Problem statement: Up to and including the line that holds "ZABAWA ANDRZEJKOWA MAŁEGO", copy every line of the records below exactly, starting at the first; leave pictures out.

Task input:

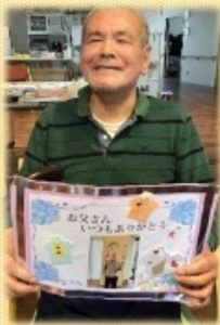
職員手作りメッセージカード
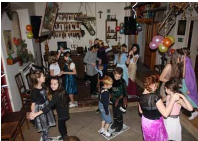
ZABAWA ANDRZEJKOWA MAŁEGO ORATORIUM, fot. kl. Sebastian

23 listopada w Oratorium na Herbach odbyła się zabawa andrzejkowa, którą rozpoczęła modlitwa do Anioła Stróża, następnie zapadły „ciemności egipskie” bowiem z niewiadomych przyczyn zgłosiło światło w całym budynku. Szybko dało się opanować sytuację i zabawa rozpoczęła się na całego.
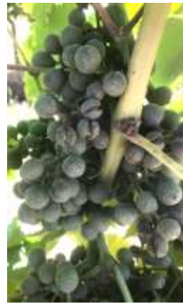
Eclatements de baies suite à une contamination par l'oïdium

Gestion du risque : Les attaques d'oïdium peuvent entraîner l'apparition de pourriture grise ou acide.
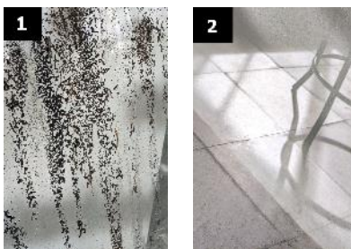
Figura 2. Aplicación de la formulación D (1) Antes de aplicar, (2) después de aplicar

Con respecto a la aplicación de los mismos, a continuación, se registra la efectividad de la formulación D. Tal y como ilustra la Figura 2 , el vidrio se encontró en un principio invadido por tierra, agua sucia y marcas (1). Al aplicar la formulación, el mismo se limpió por completo (2); no quedando trazas de colorantes, ni suciedad o marca alguna.
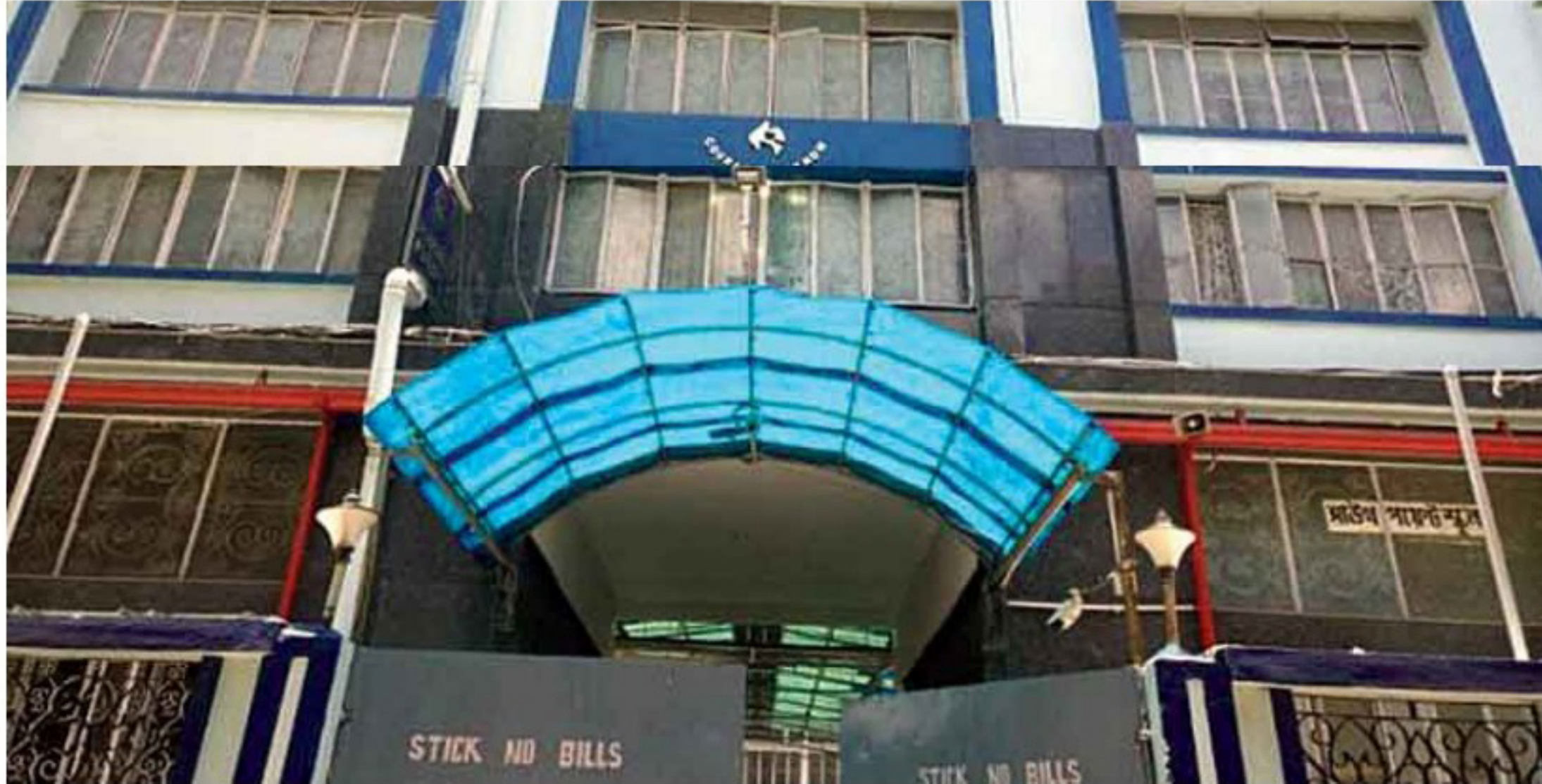
South Point school has started a “Covid helpline” where parents or staff can raise a medical requirement on the school app

Users in need of help will have to raise a ticket through the help desk, with their full name and mobile number, which will be posted on the school app
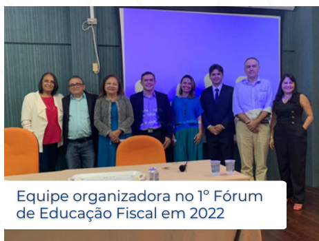
Equipe organizadora no 1º Fórum de Educação Fiscal em 2022
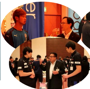
会員と選手の交流の様子
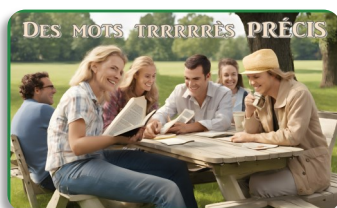
Enchifrener et lantiponner
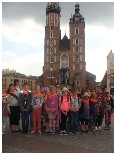
Na krakowskim rynku... Hejnał zawsze słychać

gdzie żyła legendarna bestia. Mieszkanie było ciemne i puste, bo smoczyko (już całkiem niegroźne) stoi sobie na ogromnym głazie pod Wawelem, zionie co jakiś czas ogniem i czeka na turystów, z którymi uwielbia się fotografować. Po trudach wędrówki z przyjem-
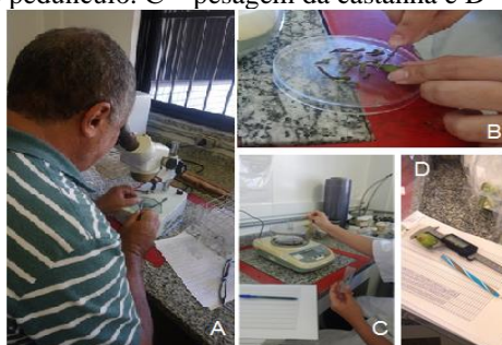
Figura 4. A – Avaliação da presença de ovos de traça-das-castanhas nas castanhas e pelo furo de entrada da larva, recém-eclodida, na castanha. B – retirada do pedúnculo. C – pesagem da castanha e D – medição da castanha.
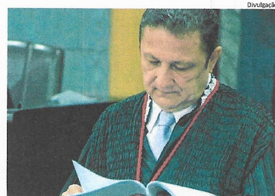
Desembargador Cleones Carvalho Cunha divulgou relatório ontem

■ BR-040/DF/GO/MG - entre Brasília e Juiz de Fora (MG), com 674,4 km. Atualmente concedida, a relicitação da rodovia pretende garantir a continuidade dos serviços operacionais e obras de recuperação, manutenção, monitoração, ampliação de capacidade e melhorias no trecho.
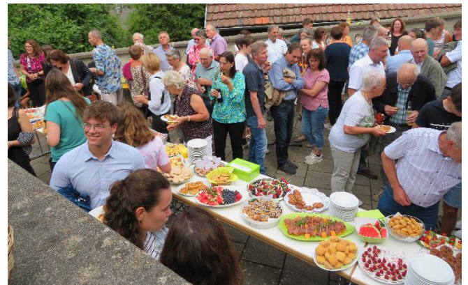
Gemütlicher Abschluss beim Stehempfang hinter der Kirche
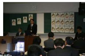
(グループ研究1の発表)
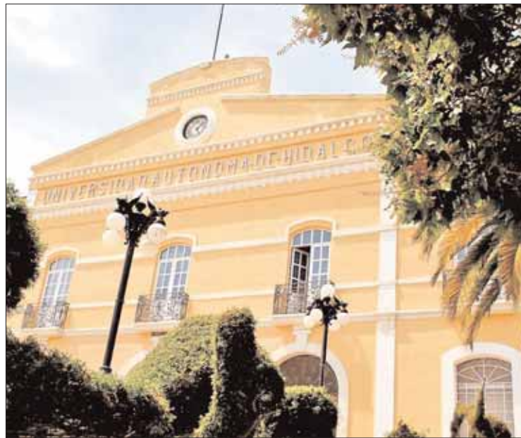
EXPLICACIÓN. Indicó Sosa, en reunión a puerta cerrada, que quiere desprestigiar a la institución; sin decir quién.

El viernes, 224 cuentas bancarias de la UAEH y de personas ligadas a ella (administrativos o funcionarios) fueron bloqueadas, al ser objeto de investigaciones que permitan esclarecer el origen y destino de los recursos que en
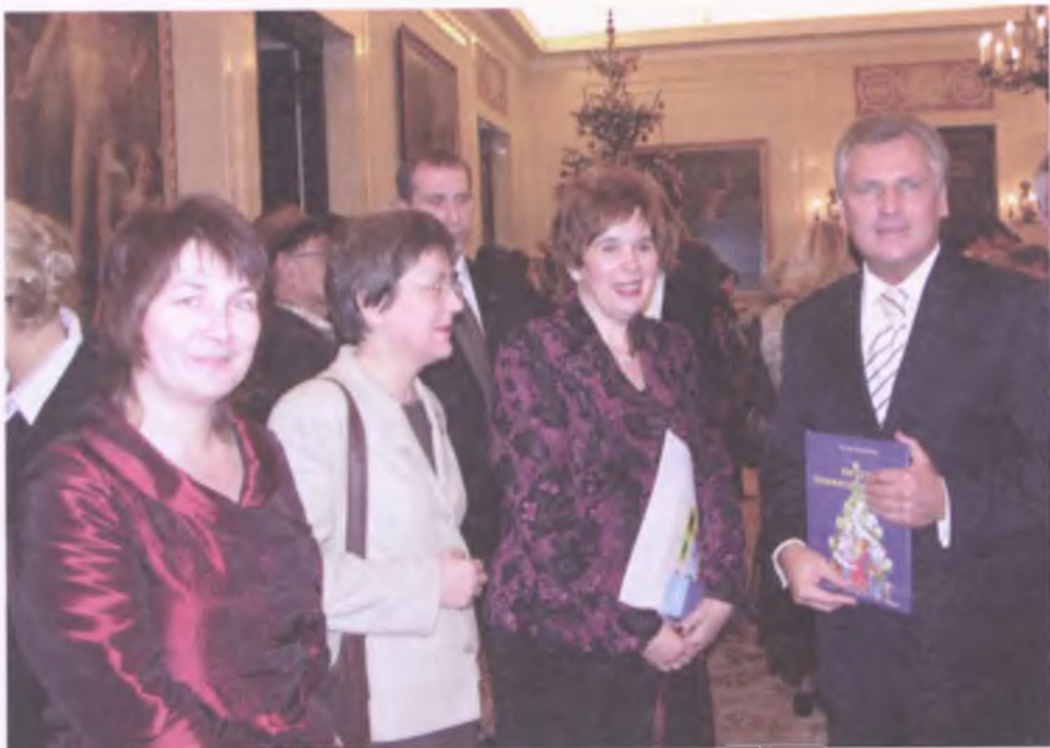
Nominacja do nagrody Prezydenta RP Sztuka Młodym była dla nas ogromnym wyróżnieniem i przeżyciem
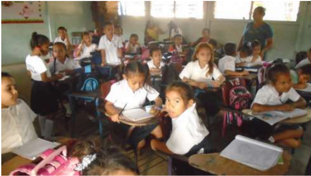
Imagen N° 4 Representa el aula de clase de los niños y niñas de primer grado B.
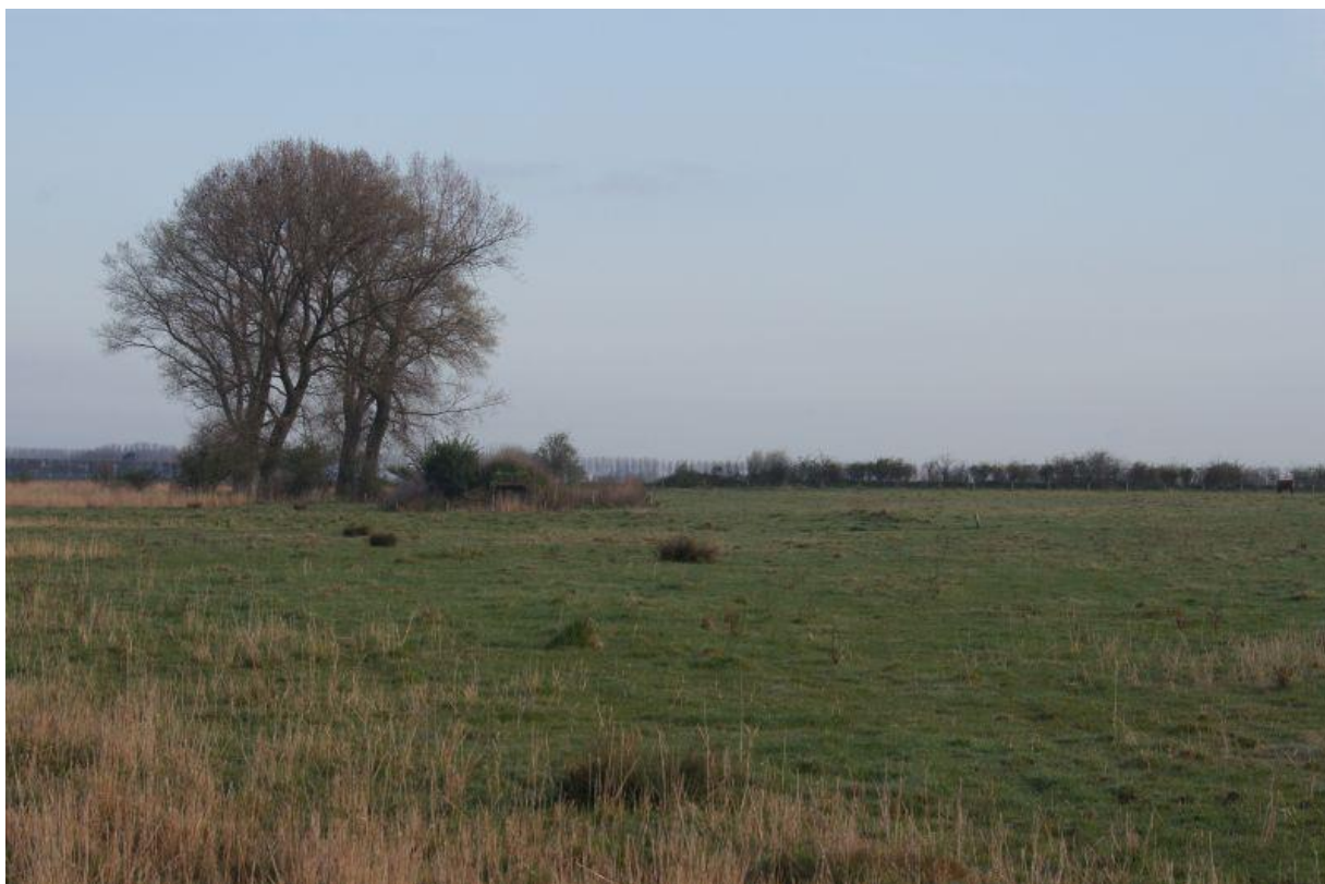
De hoge bomen waar in 2013 voor het eerst een Buizerd tot broeden kwam.
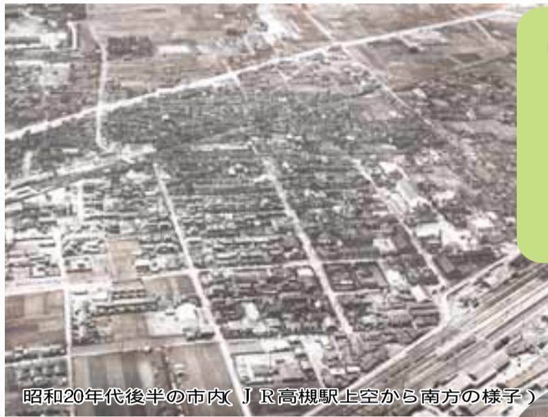
昭和20年代後半の市内( JR高槻駅上空から南方の様子)

Task response:
職員手作りメッセージカード
ZABAWA ANDRZEJKOWA MAŁEGO ORATORIUM, fot. kl. Sebastian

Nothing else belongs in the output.